International collaboration and mobility is fundamental for good research and innovation.
In 2017, this report commissioned by the Academy of Medical Sciences, British Academy, Royal Academy of Engineering and Royal Society, survyed over 1200 of the UK’s leading researchers, with 95% having been part of at least one international collaboration in the previous five years and more than half having spent at least one year working abroad.
The Exceptional Talent Tier 1 visa is a way of allowing recognised researchers with exceptional talent and emerging researchers with exceptional promise to work in the UK.

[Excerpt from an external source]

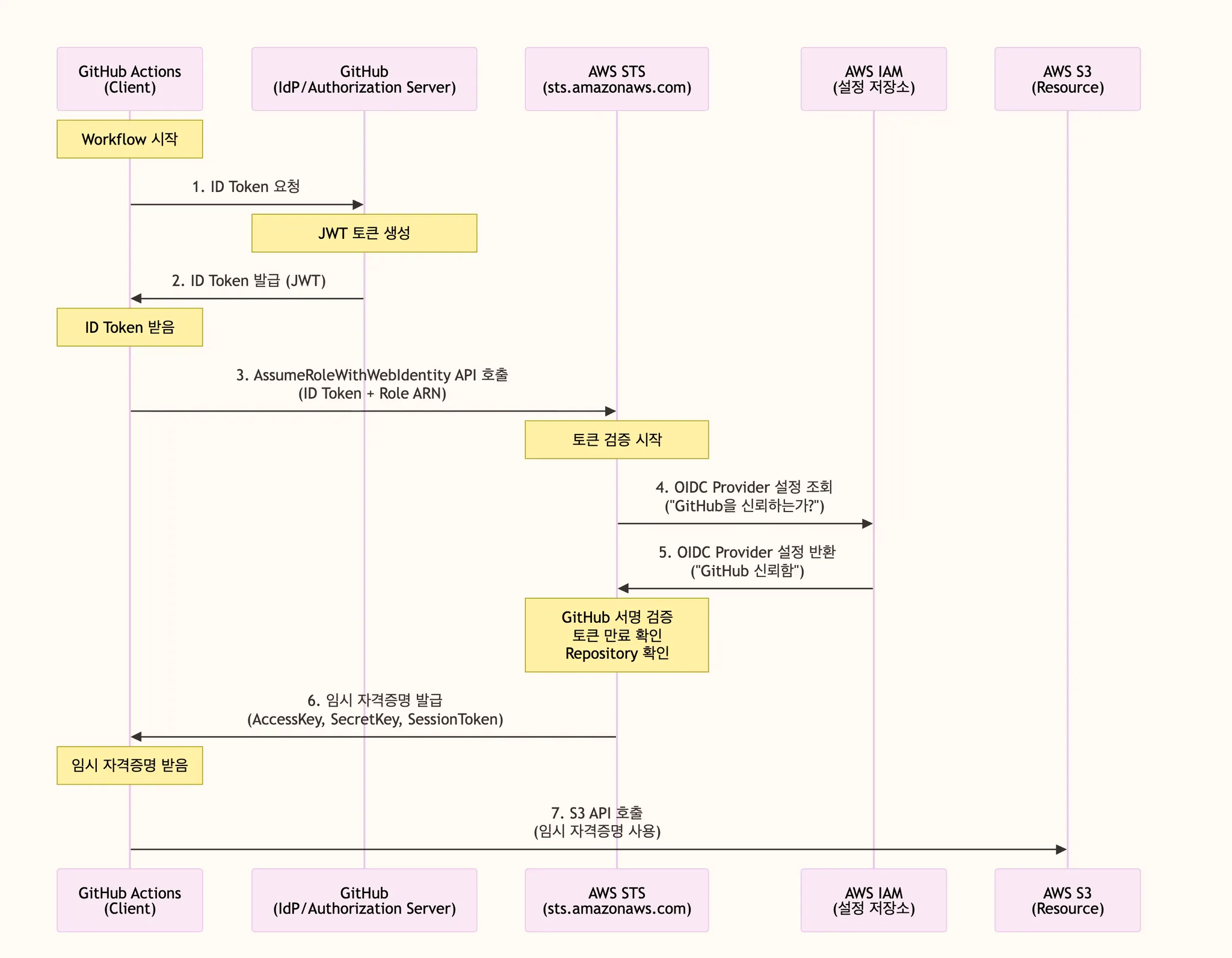 GitHub Actions는 assume role을 할 때 GitHub Authorization Server가 발급한 ID 토큰을 함께 전달합니다. 그리고 AWS는 받은 GitHub ID 토큰이 유효한지 검증합니다.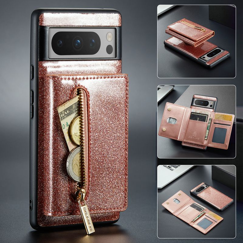 Custodia protettiva con cerniera e portafoglio M3 per Google Pixel 8 Pro, con custodia magnetica e glitter per carte di credito e telefono.

Each year, the UK Border Agency welcomes up to 2000 people who are internationally recognised as world leaders in the fields of science and the arts, and who wish to work in the UK. The UKBA works with five ‘designated competent bodies’ (The Royal Society, The Royal Academy of Engineering, the Arts Council, Tech City and the British Academy) to carry out peer review on the applications in their fields. The designated competent bodies help to identify the very best applicants, and also those with exceptional promise. Although the Academy of Medical Sciences is not itself a competent body, it helps the Royal Society with applications for clinical researchers.
In January 2018, a Research and Innovation Talent Visa was introduced as part of the Tier 1 (Exceptional Talent) route by the British Academy, Royal Academy of Engineering and Royal Society.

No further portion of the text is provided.